Could you restate word for word every line from the one containing "My chicken has" to the end of the data below, pictures excluded?

SUPPLIED INFORMATION
_ _ _ _ _ _ _
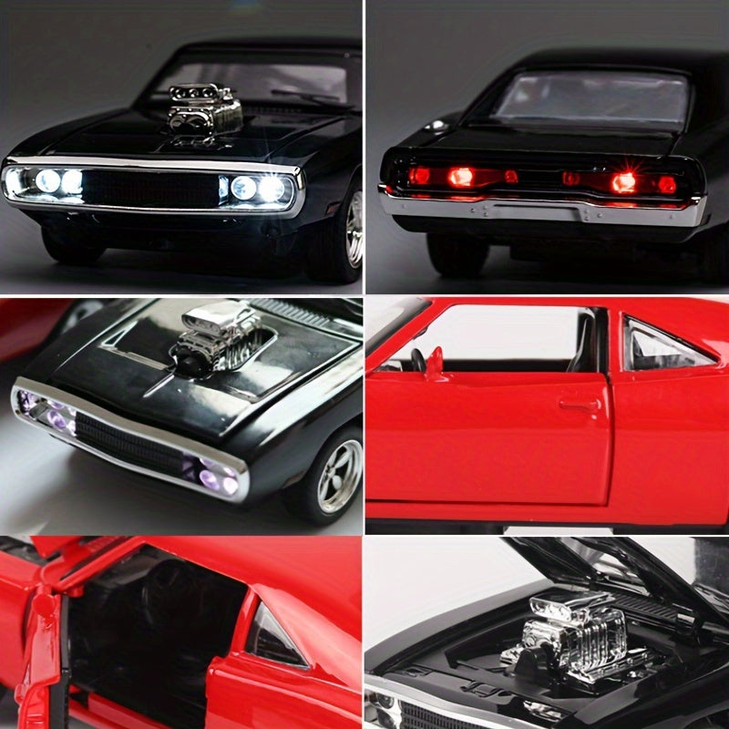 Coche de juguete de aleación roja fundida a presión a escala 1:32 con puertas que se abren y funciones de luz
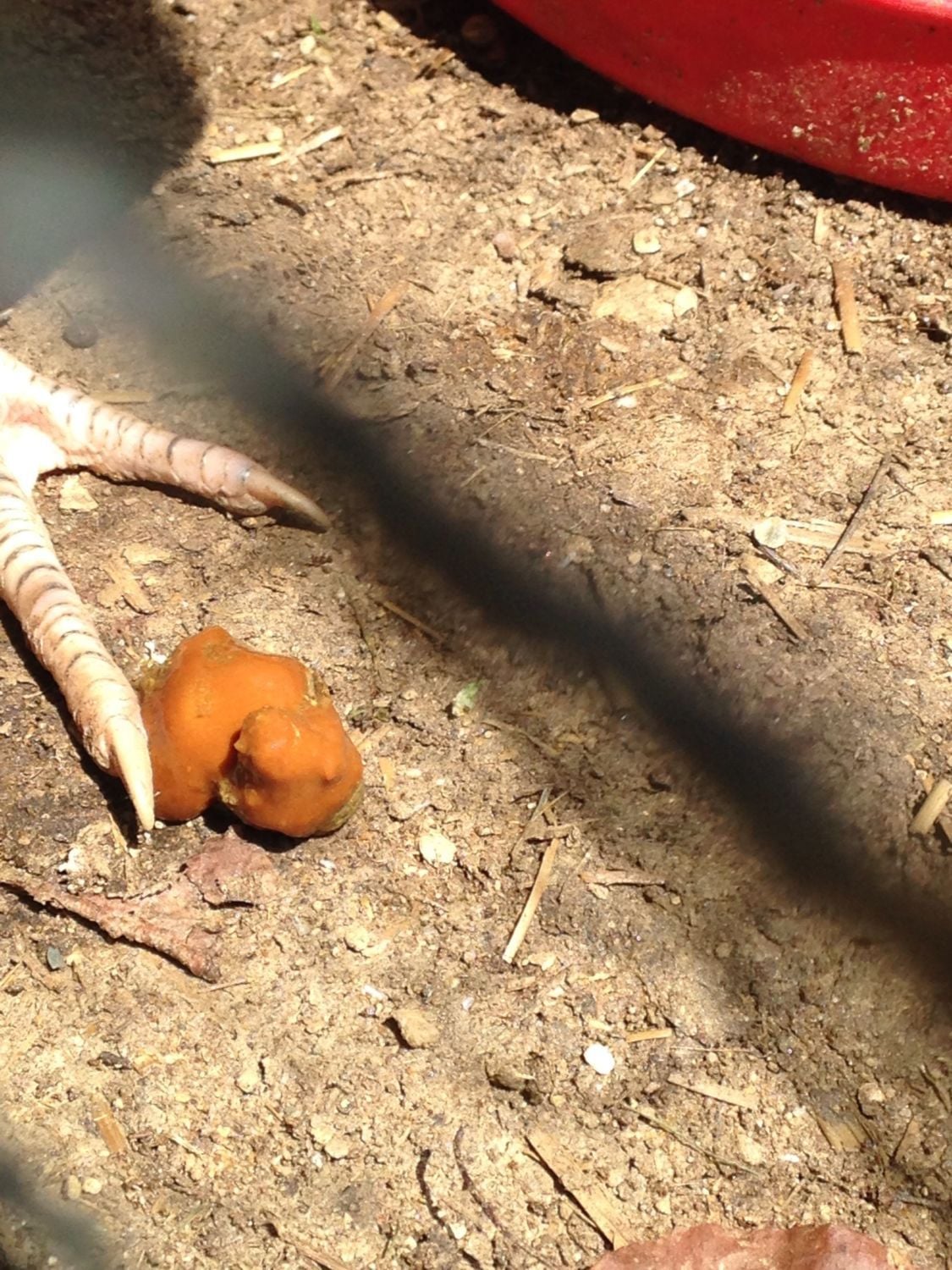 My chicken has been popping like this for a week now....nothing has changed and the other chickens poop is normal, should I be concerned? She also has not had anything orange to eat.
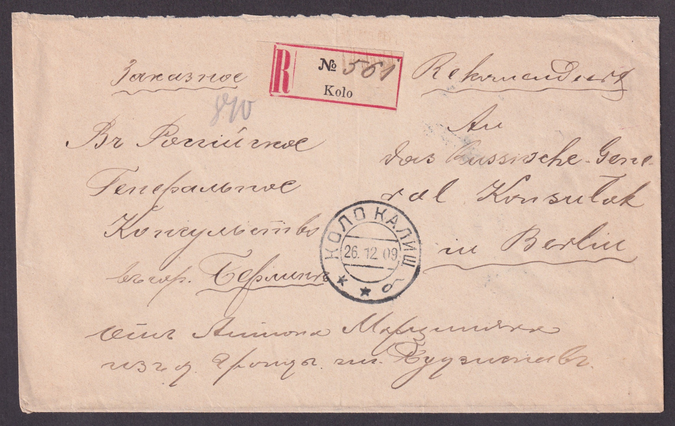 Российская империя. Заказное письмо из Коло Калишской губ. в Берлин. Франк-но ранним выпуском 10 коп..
_ _ _ _ _ _ _
SOLUTION TO THIS TASK
 My chicken has been popping like this for a week now....nothing has changed and the other chickens poop is normal, should I be concerned? She also has not had anything orange to eat.
 Российская империя. Заказное письмо из Коло Калишской губ. в Берлин. Франк-но ранним выпуском 10 коп..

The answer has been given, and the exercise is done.